- **The input**:
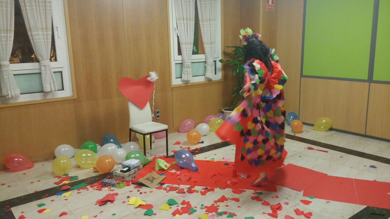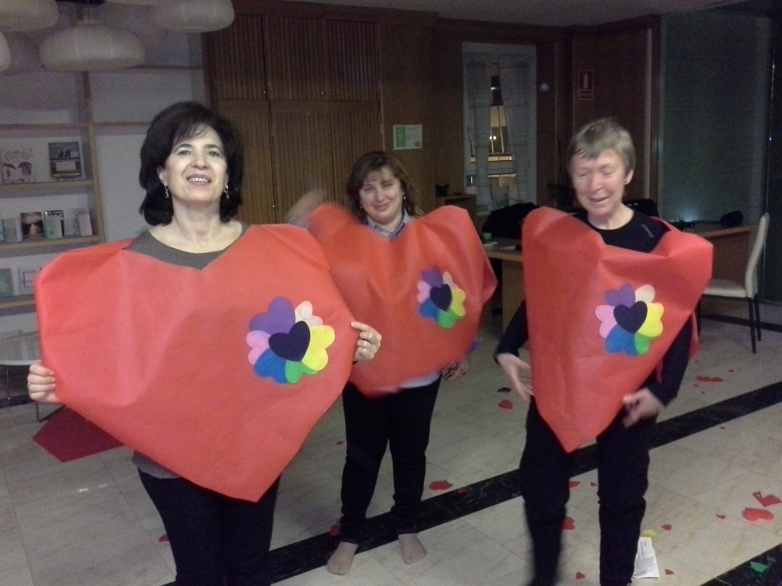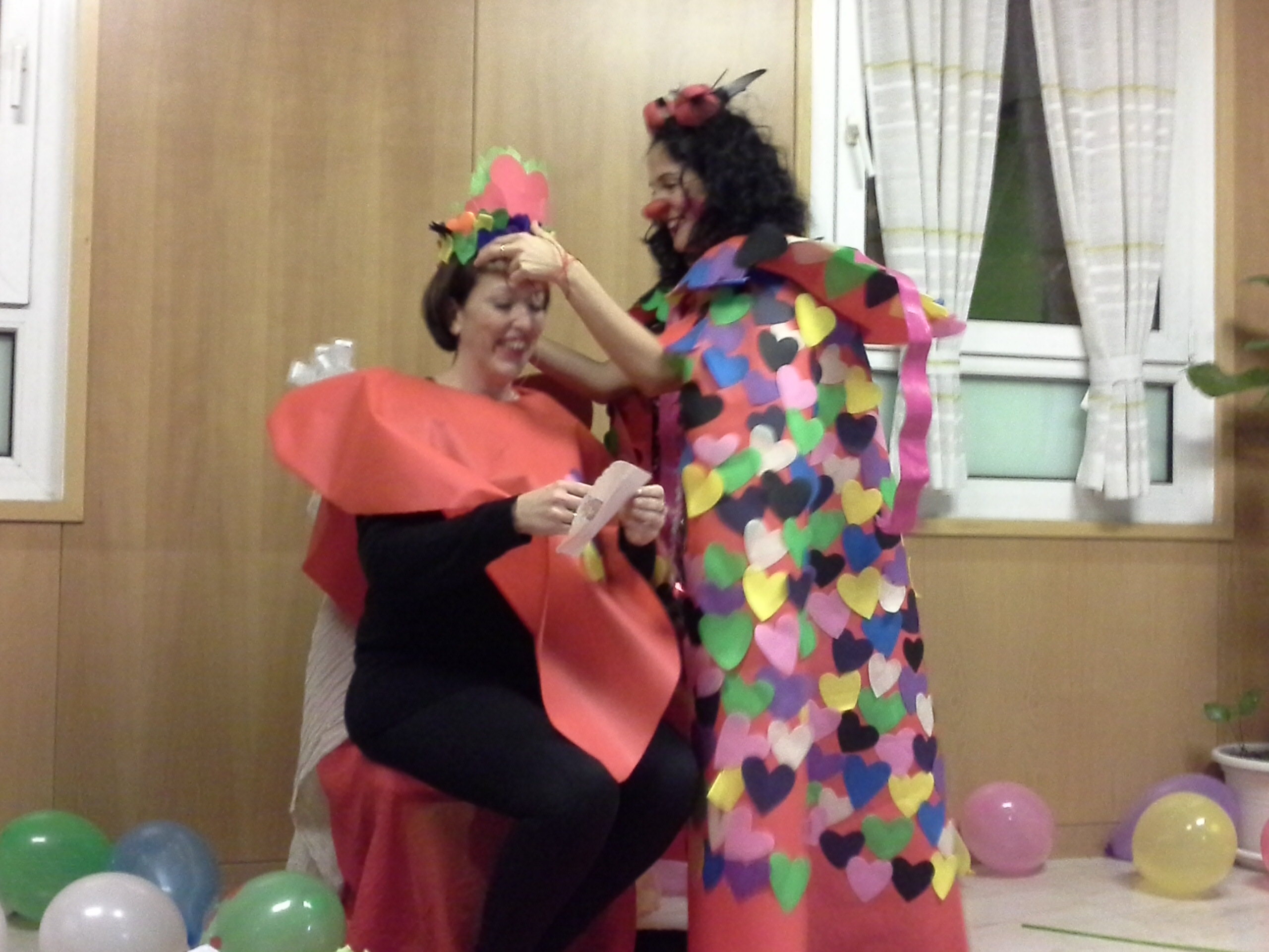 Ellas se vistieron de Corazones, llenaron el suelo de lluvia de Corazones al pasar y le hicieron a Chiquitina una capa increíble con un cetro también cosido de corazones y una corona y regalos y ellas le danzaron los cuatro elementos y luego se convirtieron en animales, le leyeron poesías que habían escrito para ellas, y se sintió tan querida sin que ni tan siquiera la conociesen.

* * *

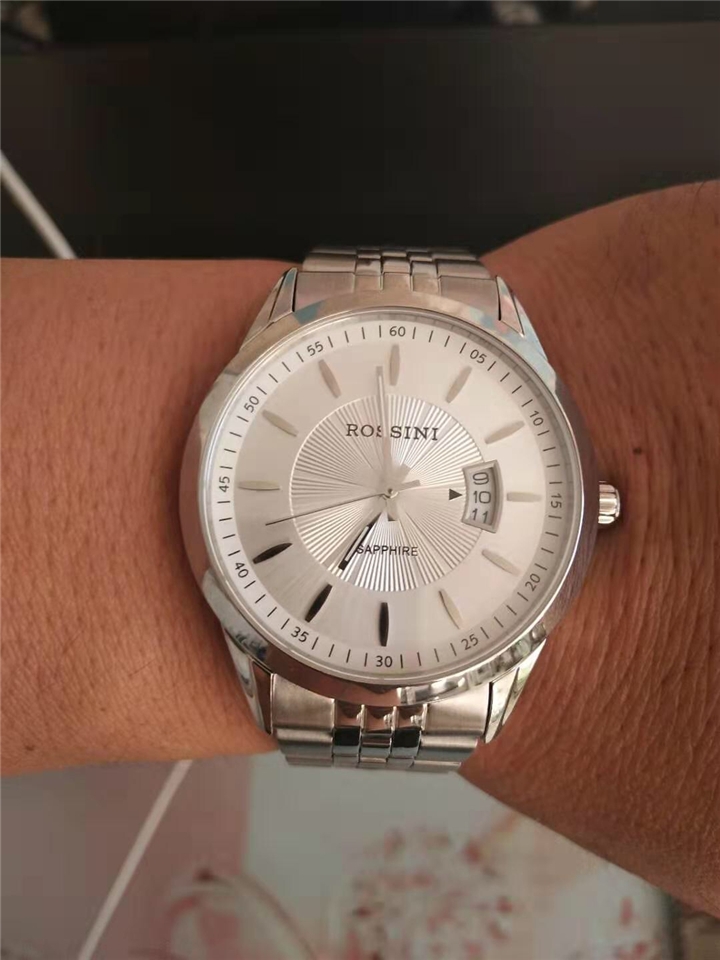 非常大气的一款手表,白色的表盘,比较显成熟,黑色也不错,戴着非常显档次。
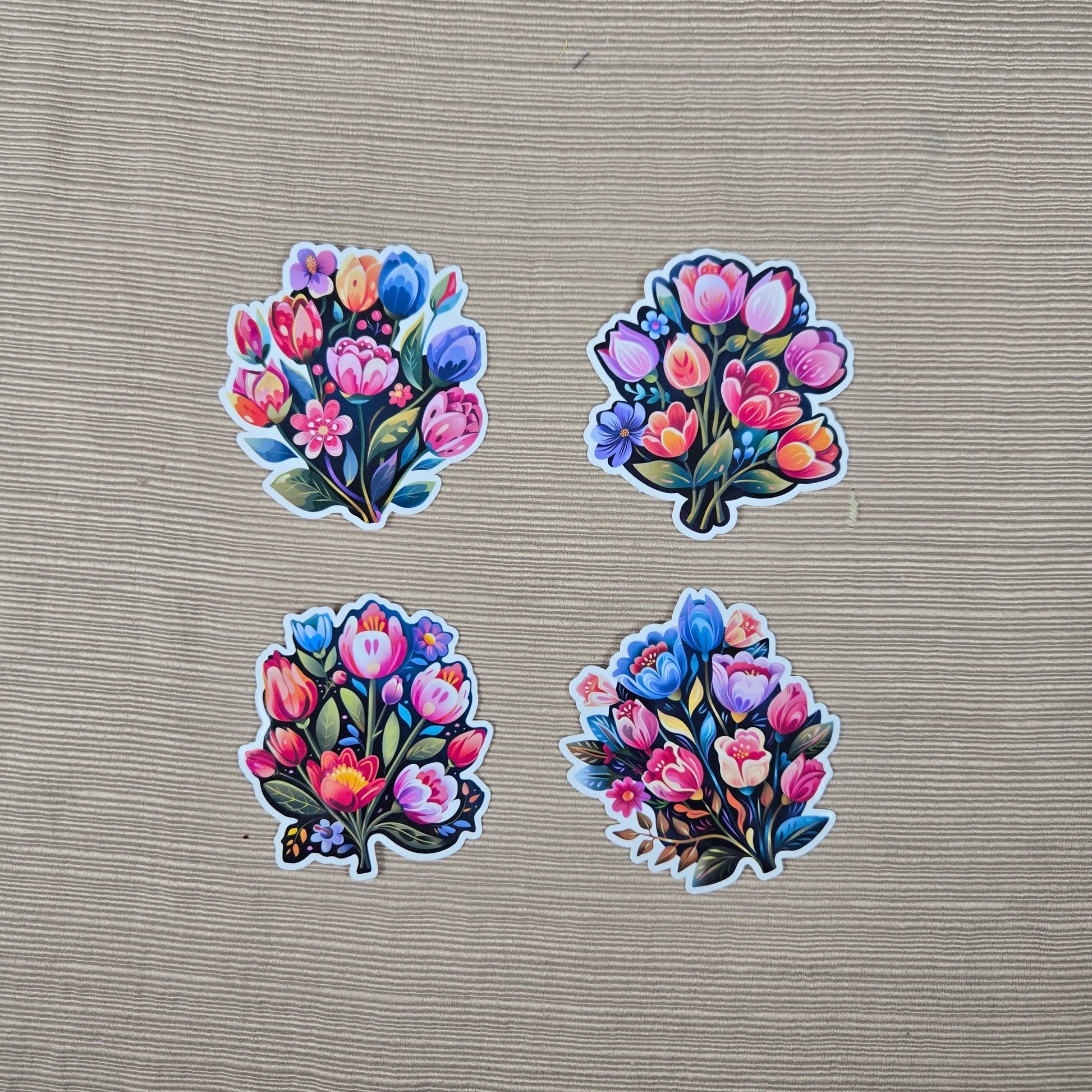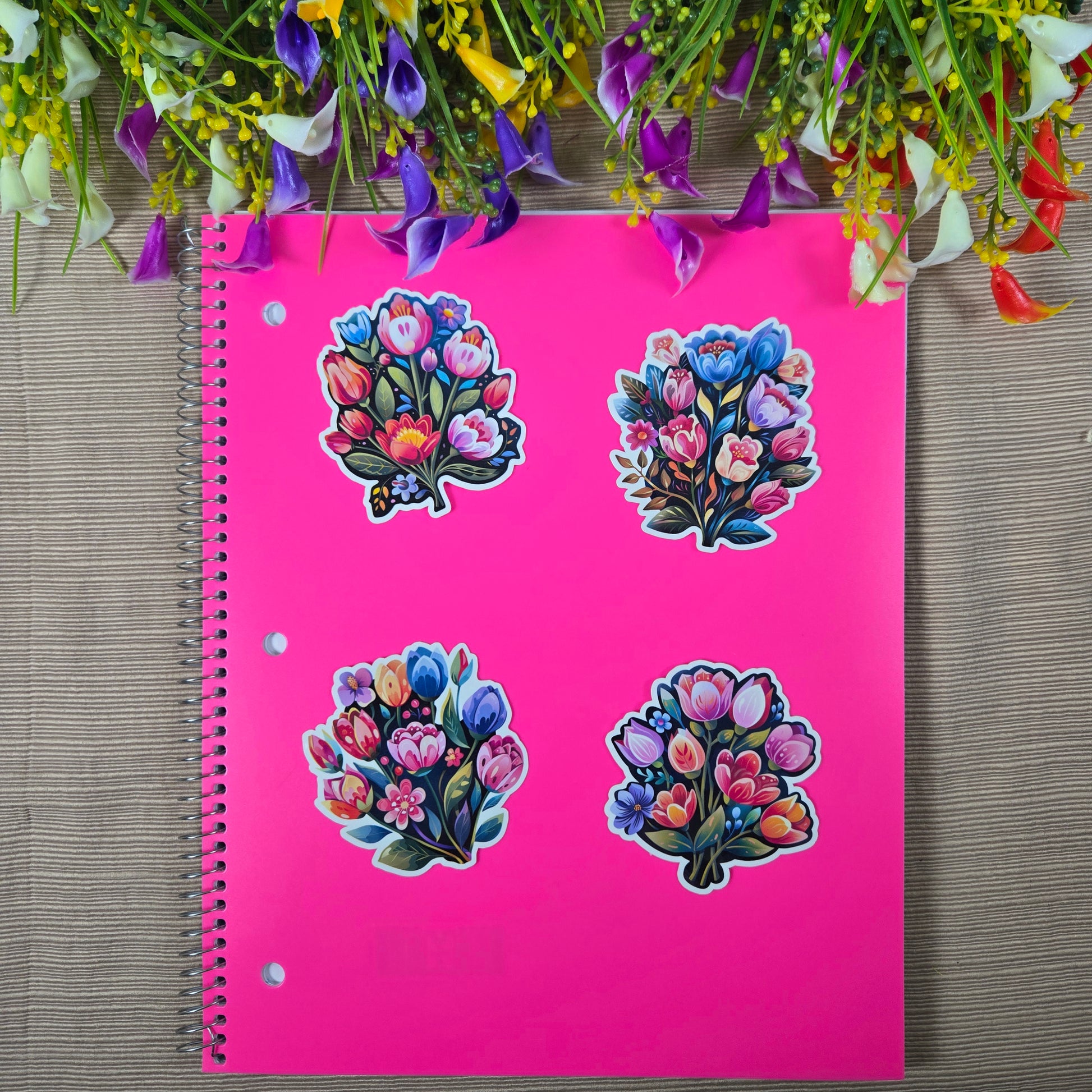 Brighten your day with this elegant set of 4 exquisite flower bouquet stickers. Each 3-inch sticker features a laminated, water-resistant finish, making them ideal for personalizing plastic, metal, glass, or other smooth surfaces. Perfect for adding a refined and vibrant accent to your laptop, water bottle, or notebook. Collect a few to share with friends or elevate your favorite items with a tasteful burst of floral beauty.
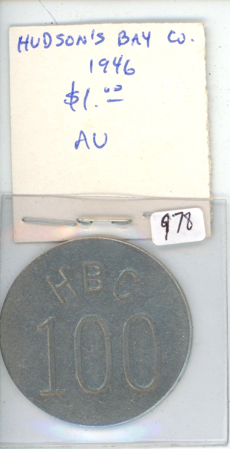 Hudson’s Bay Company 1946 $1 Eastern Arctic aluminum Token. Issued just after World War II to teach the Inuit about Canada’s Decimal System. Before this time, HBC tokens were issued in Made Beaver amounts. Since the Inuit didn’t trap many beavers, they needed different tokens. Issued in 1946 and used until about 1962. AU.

- **Exercise**: The result should be an exact copy of only the lines above from the one that holds "非常大气的一款手表,白色的表盘,比较显成熟,黑色也不错,戴着非常显档次。" through the one that holds "Brighten your day", both ends included, without pictures.

- **Task solution**:
 非常大气的一款手表,白色的表盘,比较显成熟,黑色也不错,戴着非常显档次。
 Brighten your day with this elegant set of 4 exquisite flower bouquet stickers. Each 3-inch sticker features a laminated, water-resistant finish, making them ideal for personalizing plastic, metal, glass, or other smooth surfaces. Perfect for adding a refined and vibrant accent to your laptop, water bottle, or notebook. Collect a few to share with friends or elevate your favorite items with a tasteful burst of floral beauty.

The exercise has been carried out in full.